Referring a law to a public vote is interesting, not only because it tests whether a bill the Legislature passed really reflects the will of the voters, but also because a successful referendum petition has the immediate effect of suspending a law that otherwise would have taken effect on July 1. Even if voters approve the referred law (remember: a vote Yes on a referendum lets the law take effect; a vote No kills the law), it won’t take effect until the following July.
So citizens, when you sign the petition to refer Senate Bill 245, the plan to use sales tax dollars to lower homeowner property taxes, you aren’t just putting the law to a vote; you are stopping that law from taking effect for an entire year.
But that suspension won’t affect all of SB 245. When House State Affairs hoghoused the previously empty vehicle bill on March 2, they included a provision enacting the sales-tax transfer on July 1, 2027. Referred or not, SB 245 won’t start putting sales dollars toward reducing homeowner property taxes until next year, when the state sales tax is scheduled to jump back up to 4.5% from the current 4.2%.
Also important to note: the increase in sales tax is triggered by the sunset clause passed in 2023, not by SB 245. So referring SB 245 does not change the sales tax rate: petition or not, you’ll pay 4.2% sales tax on your groceries on July 1, 2026, and you’ll start paying 4.5% on your groceries come July 1, 2027.
The referendum petition would suspend one important provision of SB 245. It would pause the creation of the homeowner property tax reduction fund, and it would delay the transfer of $55,896,576 from the state’s reserves into that fund that SB 245 schedules for July 1 of this year for an entire year.
So, to be clear, the simple act of referring SB 245—not actually voting in down in November, but simply filing a petition with the 17,508 voter signatures necessary to put SB 245 on the November ballot—would delay draining the reserves and reducing homeowner property taxes for at least one year.
You know the voters should just 86 their representatives.
Thank-you Cory for your explanation. So important. Thank-you Cathy Brechtelsbauer and Nate Horsted and DRA.

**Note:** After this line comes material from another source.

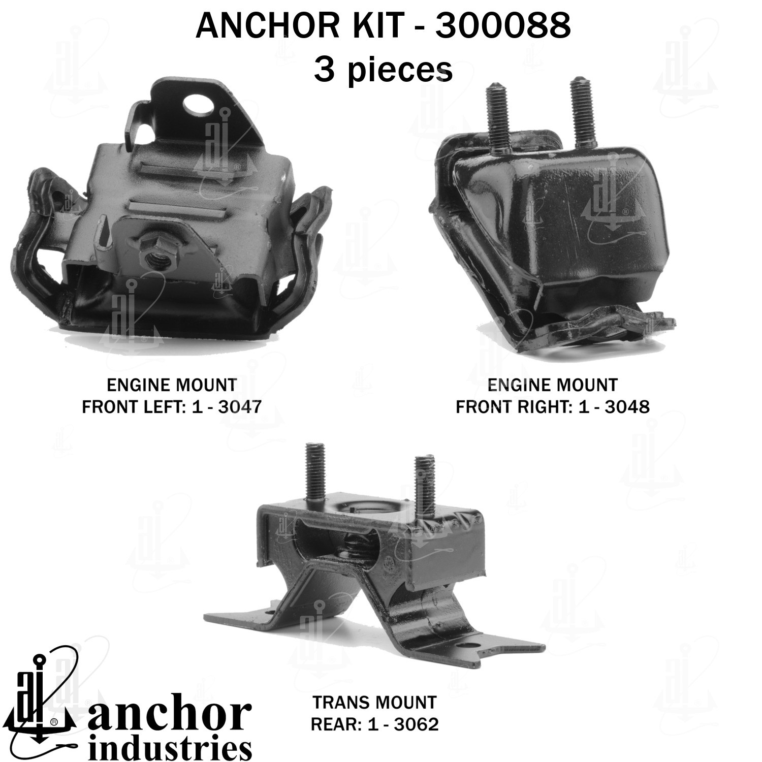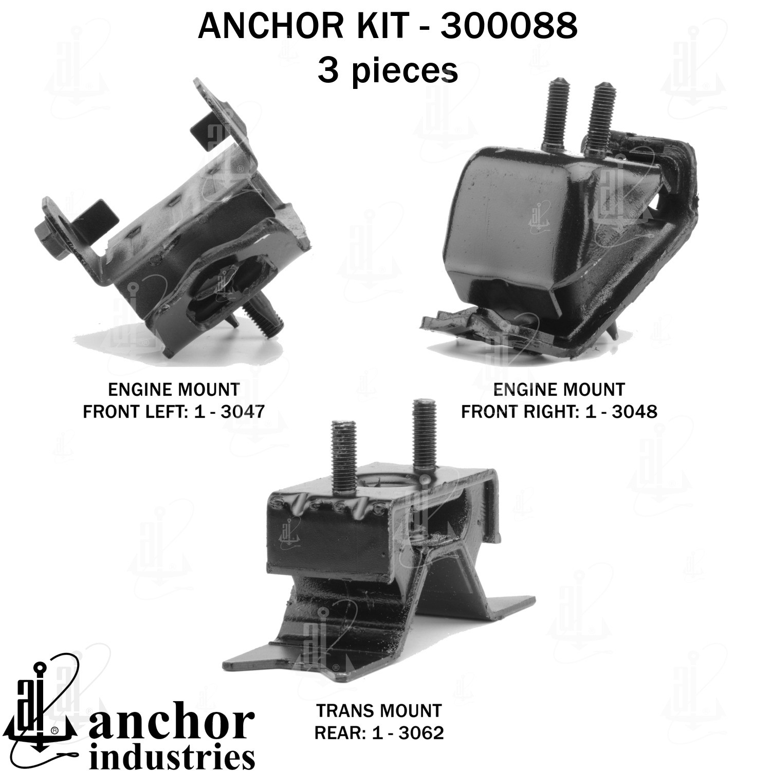 - Anchor 300088; ENGINE MNT KIT ; Each part of this kit is specifically engineered and manufactured to meet or exceed OE standards to ensure perfect fit and function. Natural and SBR rubber provide maximum life and performance. Steel fasteners are heat treated grade 5 bolts. A special bonding agent is used to ensure a rubber to metal bond. Rubber material is mixed to specific Durometer, hardness. 12 Month Warranty.

Our citizens need the money provided by the increased sales tax receipts to adequately compensate our educators, medical providers, and state employees, many of whom are providing services to our low income citizens. Granted, a more equitable system would be a state income tax, but until we can generate the common sense to enact that…
Remember, SD, we are NOT an island. We’ve been losing our best and brightest to the rest of the world for 50 years. How many SD lonely grandmothers do you know? Wouldn’t it be cool to NOT be one of those? Wouldn’t it be cool to have your kids and grandkids find jobs in the South Dakota they love? That extra 3 tenths of a percent would go a long way to help that happen.
What we’re trying to do here is pause the state’s property tax relief plan to let the legislature figure out tax relief that’s more fair.
The good former legislator from Britton neatly captures the core issue motivating the referral of SB 245: wealth transfer and tax fairness. How fair is it to take money from everybody and give it to a special interest group—in this case, people who happen to own homes? And even within that wealth transfer, how fair is it to structure this favor so that the more wealth one already has, the more one gets?
And if we have over $100 million a year in fiscal wiggle room to make a wealth transfer like SB 245 possible, what’s the best way to spend that $100M+? Kadyn Wittman had to fight for four years to convince her Legislative colleagues that we could afford to transfer a mere $600K from the general fund to knock another 40 cents off the cost of school meals for families in one narrow near-poverty income bracket. It took a lot of work this Session to convince Governor Rhoden that we could afford $34.5M to fund a 1.4% increase for schools, state employees, and health care; $100M would have made it possible to make that increase match 2.5% inflation and do some other good in the budget. But no—with SB 245, the Legislature chose to throw that money back to subsidize big houses and permanently hamstring state investments in public goods.
The legislature rejected 5 million in funding for struggling food banks in SD. They also rejected 1.2 for after school care for kids of working parents. 56 million, most of which will go to home owners with the most expensive homes, is just sad. Republicans themselves called it the “Ted Turner Tax”, but unfortunately do not have enough control over their party to elect people with brain cells.